* [DATA PROVIDED]:
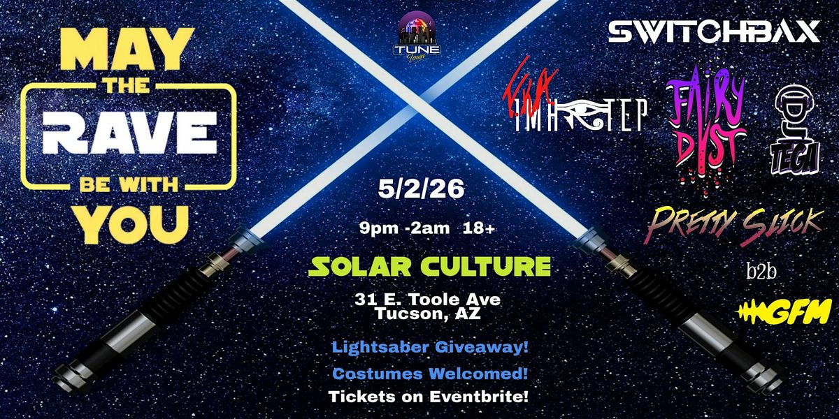 Join us at the infamous Solar Culutre Warehouse Art Gallery in Tucson, AZ for pounding bass, flashing lights and all things Star Wars. We have amassed a superb talent of DJs to bring you all the grooves to celebrate the incoming "May The 4th Be With You"
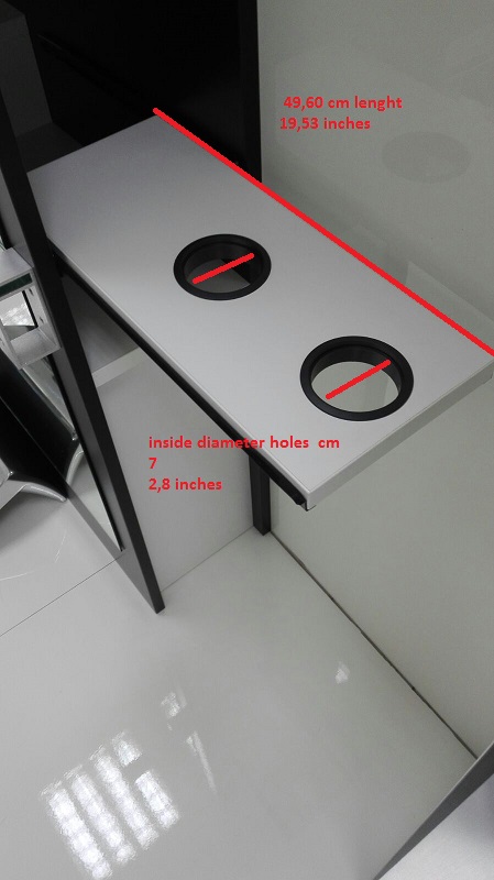 The integrated tool holder shelf features pre-cut openings, ideal for holding blow dryers, brushes, and styling tools, improving workflow efficiency and keeping your station clutter-free.
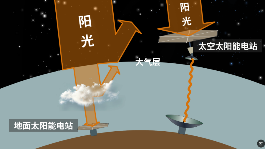 未来,随着技术成熟,还有望通过卫星在太空聚集太阳能,再以微波或激光形式传输至地面转化为电能供人类使用。

* [WHAT TO WORK ON]:
No pictures should appear in the copy, which holds exactly the lines from the first line of the data through the line with "The integrated tool" and nothing else.

* [EXERCISE ANSWER]:
 Join us at the infamous Solar Culutre Warehouse Art Gallery in Tucson, AZ for pounding bass, flashing lights and all things Star Wars. We have amassed a superb talent of DJs to bring you all the grooves to celebrate the incoming "May The 4th Be With You"
 The integrated tool holder shelf features pre-cut openings, ideal for holding blow dryers, brushes, and styling tools, improving workflow efficiency and keeping your station clutter-free.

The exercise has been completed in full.